• [GOAL OF THE EXERCISE]: Nothing but the lines below between the line holding "Black belt from" and the line holding "Scuola del XVIII", inclusive, should appear in the answer, each set down exactly.

• [AVAILABLE DATA]:
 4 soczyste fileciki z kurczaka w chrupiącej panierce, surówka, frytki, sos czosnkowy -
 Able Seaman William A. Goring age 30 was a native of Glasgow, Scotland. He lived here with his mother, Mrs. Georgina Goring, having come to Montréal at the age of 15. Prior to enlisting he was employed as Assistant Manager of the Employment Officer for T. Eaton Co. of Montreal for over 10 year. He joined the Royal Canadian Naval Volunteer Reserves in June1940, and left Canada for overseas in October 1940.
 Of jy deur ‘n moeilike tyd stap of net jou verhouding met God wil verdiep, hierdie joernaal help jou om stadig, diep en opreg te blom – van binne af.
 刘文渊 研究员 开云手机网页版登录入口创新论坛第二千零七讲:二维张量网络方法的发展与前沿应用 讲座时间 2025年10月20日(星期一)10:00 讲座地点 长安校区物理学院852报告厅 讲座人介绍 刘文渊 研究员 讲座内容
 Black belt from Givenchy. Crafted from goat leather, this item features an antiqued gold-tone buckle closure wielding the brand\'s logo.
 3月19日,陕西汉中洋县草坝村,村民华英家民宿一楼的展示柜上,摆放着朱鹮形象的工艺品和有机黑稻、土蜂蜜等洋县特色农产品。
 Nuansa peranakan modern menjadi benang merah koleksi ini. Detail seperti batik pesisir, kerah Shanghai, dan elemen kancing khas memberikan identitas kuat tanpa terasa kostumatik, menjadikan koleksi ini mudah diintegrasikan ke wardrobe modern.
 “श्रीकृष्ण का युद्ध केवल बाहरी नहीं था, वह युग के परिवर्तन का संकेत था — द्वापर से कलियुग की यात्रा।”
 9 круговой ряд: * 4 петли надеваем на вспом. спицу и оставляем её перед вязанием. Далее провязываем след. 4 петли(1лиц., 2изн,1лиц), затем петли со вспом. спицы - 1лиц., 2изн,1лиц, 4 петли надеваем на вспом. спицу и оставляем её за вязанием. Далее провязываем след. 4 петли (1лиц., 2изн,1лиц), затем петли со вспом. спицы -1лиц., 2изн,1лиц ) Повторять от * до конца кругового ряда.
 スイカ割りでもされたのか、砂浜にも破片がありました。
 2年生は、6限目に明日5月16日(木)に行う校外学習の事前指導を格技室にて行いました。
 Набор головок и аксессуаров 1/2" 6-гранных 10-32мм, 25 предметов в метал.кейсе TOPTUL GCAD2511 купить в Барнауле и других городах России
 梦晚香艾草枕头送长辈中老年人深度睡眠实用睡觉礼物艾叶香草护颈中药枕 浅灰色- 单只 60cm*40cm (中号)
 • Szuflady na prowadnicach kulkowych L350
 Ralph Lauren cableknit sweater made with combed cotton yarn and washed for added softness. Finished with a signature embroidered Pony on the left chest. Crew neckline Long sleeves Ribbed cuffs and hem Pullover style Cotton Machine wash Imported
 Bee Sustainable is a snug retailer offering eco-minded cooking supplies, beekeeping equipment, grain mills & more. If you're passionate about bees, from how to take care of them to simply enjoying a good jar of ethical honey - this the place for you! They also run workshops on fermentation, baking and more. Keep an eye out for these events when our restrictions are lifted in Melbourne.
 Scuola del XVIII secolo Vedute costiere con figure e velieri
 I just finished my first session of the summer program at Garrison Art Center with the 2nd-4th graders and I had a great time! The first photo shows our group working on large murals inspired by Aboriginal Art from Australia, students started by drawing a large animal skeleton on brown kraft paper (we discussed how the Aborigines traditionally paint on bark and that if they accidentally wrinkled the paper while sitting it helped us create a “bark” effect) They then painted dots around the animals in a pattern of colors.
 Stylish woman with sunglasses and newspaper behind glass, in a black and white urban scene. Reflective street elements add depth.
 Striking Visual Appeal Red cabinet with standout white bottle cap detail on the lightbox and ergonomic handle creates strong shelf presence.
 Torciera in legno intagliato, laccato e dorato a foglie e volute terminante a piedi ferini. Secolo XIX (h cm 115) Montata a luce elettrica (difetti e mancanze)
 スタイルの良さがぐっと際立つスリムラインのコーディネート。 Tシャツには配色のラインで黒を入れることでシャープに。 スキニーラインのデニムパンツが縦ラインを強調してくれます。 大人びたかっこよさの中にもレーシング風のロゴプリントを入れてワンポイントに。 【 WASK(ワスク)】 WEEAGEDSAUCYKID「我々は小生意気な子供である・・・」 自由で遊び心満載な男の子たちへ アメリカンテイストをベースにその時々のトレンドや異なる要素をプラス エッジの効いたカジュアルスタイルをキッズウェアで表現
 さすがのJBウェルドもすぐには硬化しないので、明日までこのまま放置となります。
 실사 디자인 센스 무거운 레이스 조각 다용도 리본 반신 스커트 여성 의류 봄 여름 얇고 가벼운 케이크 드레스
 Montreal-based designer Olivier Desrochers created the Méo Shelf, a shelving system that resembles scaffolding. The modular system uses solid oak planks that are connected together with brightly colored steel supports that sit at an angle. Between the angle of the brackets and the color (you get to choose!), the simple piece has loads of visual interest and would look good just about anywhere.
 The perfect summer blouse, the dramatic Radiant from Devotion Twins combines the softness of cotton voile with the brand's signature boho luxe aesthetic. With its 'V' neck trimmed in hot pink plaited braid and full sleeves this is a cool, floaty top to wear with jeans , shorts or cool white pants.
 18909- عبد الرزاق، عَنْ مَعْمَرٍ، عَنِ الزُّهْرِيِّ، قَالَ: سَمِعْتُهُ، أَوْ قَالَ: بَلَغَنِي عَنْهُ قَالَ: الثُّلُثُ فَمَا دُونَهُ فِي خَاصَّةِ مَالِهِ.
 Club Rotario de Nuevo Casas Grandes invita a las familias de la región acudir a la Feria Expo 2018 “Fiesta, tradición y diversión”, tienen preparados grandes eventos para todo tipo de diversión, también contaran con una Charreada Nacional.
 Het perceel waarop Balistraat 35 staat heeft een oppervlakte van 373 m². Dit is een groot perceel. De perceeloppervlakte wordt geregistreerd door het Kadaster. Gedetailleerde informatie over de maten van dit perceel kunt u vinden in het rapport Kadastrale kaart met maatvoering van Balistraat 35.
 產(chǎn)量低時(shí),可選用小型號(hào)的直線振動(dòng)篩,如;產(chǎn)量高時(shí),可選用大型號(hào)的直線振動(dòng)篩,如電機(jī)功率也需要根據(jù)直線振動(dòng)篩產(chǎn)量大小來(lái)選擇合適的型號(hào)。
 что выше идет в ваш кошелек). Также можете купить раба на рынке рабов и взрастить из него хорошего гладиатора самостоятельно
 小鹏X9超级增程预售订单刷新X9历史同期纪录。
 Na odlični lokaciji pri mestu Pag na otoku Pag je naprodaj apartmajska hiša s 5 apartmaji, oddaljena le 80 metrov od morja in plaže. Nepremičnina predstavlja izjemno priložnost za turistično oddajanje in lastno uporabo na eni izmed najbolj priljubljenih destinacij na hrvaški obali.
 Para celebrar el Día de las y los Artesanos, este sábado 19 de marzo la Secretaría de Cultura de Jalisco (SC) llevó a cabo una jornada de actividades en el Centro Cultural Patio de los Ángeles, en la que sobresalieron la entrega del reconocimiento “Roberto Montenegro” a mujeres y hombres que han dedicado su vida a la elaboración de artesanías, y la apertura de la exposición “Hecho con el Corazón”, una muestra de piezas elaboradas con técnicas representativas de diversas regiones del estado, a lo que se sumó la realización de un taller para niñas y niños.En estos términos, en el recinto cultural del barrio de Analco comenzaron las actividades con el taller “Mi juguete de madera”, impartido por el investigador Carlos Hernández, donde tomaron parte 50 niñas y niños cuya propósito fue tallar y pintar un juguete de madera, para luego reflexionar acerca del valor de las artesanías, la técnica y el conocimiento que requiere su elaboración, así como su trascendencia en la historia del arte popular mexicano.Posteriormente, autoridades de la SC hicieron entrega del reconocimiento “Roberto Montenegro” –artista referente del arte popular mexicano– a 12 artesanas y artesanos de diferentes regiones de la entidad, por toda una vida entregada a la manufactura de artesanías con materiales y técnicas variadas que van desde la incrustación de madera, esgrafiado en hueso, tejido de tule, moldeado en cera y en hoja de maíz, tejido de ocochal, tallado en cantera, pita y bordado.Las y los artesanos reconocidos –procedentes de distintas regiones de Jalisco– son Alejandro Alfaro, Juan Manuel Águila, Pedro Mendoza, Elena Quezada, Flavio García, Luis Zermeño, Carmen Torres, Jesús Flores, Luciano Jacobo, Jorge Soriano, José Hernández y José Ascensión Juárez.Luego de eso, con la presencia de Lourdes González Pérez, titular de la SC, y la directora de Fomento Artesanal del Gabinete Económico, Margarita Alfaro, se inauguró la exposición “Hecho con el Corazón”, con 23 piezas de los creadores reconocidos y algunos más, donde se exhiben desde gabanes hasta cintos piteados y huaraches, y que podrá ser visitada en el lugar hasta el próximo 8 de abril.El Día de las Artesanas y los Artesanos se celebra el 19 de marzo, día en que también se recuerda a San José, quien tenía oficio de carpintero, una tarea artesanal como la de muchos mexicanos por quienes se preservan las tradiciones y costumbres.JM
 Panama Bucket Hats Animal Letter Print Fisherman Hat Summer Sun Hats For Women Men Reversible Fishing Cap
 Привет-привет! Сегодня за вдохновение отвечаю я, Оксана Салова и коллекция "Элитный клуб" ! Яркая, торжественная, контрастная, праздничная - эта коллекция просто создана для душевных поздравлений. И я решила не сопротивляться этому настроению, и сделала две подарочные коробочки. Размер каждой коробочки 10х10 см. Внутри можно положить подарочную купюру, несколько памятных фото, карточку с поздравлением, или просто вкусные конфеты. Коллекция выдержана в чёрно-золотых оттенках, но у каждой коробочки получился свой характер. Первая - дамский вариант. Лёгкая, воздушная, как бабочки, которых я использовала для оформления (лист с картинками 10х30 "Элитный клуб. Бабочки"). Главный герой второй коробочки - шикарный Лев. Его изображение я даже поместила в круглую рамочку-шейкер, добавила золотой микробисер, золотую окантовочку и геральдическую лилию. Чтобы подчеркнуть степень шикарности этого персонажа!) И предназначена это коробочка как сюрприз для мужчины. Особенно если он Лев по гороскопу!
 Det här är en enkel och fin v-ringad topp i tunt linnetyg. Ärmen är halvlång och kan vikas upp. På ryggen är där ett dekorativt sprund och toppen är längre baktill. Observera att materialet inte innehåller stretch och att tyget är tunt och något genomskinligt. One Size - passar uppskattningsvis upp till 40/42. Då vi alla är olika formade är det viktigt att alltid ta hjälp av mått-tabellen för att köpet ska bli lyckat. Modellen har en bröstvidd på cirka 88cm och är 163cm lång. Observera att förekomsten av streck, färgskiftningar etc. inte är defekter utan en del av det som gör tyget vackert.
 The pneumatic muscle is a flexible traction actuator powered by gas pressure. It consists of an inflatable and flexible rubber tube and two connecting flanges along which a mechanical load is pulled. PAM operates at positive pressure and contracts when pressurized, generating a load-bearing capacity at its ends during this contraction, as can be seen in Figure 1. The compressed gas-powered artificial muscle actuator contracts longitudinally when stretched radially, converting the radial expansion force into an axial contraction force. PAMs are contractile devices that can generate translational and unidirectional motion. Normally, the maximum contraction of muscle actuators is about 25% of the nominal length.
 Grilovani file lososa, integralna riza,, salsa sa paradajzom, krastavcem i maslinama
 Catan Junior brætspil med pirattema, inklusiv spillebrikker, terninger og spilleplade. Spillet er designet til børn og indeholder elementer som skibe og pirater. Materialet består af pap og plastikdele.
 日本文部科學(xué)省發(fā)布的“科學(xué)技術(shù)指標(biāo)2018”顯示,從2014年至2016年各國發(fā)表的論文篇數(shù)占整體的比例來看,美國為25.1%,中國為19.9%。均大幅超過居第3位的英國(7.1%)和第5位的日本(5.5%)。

• [FINISHED EXERCISE]:
 Black belt from Givenchy. Crafted from goat leather, this item features an antiqued gold-tone buckle closure wielding the brand\'s logo.
 3月19日,陕西汉中洋县草坝村,村民华英家民宿一楼的展示柜上,摆放着朱鹮形象的工艺品和有机黑稻、土蜂蜜等洋县特色农产品。
 Nuansa peranakan modern menjadi benang merah koleksi ini. Detail seperti batik pesisir, kerah Shanghai, dan elemen kancing khas memberikan identitas kuat tanpa terasa kostumatik, menjadikan koleksi ini mudah diintegrasikan ke wardrobe modern.
 “श्रीकृष्ण का युद्ध केवल बाहरी नहीं था, वह युग के परिवर्तन का संकेत था — द्वापर से कलियुग की यात्रा।”
 9 круговой ряд: * 4 петли надеваем на вспом. спицу и оставляем её перед вязанием. Далее провязываем след. 4 петли(1лиц., 2изн,1лиц), затем петли со вспом. спицы - 1лиц., 2изн,1лиц, 4 петли надеваем на вспом. спицу и оставляем её за вязанием. Далее провязываем след. 4 петли (1лиц., 2изн,1лиц), затем петли со вспом. спицы -1лиц., 2изн,1лиц ) Повторять от * до конца кругового ряда.
 スイカ割りでもされたのか、砂浜にも破片がありました。
 2年生は、6限目に明日5月16日(木)に行う校外学習の事前指導を格技室にて行いました。
 Набор головок и аксессуаров 1/2" 6-гранных 10-32мм, 25 предметов в метал.кейсе TOPTUL GCAD2511 купить в Барнауле и других городах России
 梦晚香艾草枕头送长辈中老年人深度睡眠实用睡觉礼物艾叶香草护颈中药枕 浅灰色- 单只 60cm*40cm (中号)
 • Szuflady na prowadnicach kulkowych L350
 Ralph Lauren cableknit sweater made with combed cotton yarn and washed for added softness. Finished with a signature embroidered Pony on the left chest. Crew neckline Long sleeves Ribbed cuffs and hem Pullover style Cotton Machine wash Imported
 Bee Sustainable is a snug retailer offering eco-minded cooking supplies, beekeeping equipment, grain mills & more. If you're passionate about bees, from how to take care of them to simply enjoying a good jar of ethical honey - this the place for you! They also run workshops on fermentation, baking and more. Keep an eye out for these events when our restrictions are lifted in Melbourne.
 Scuola del XVIII secolo Vedute costiere con figure e velieri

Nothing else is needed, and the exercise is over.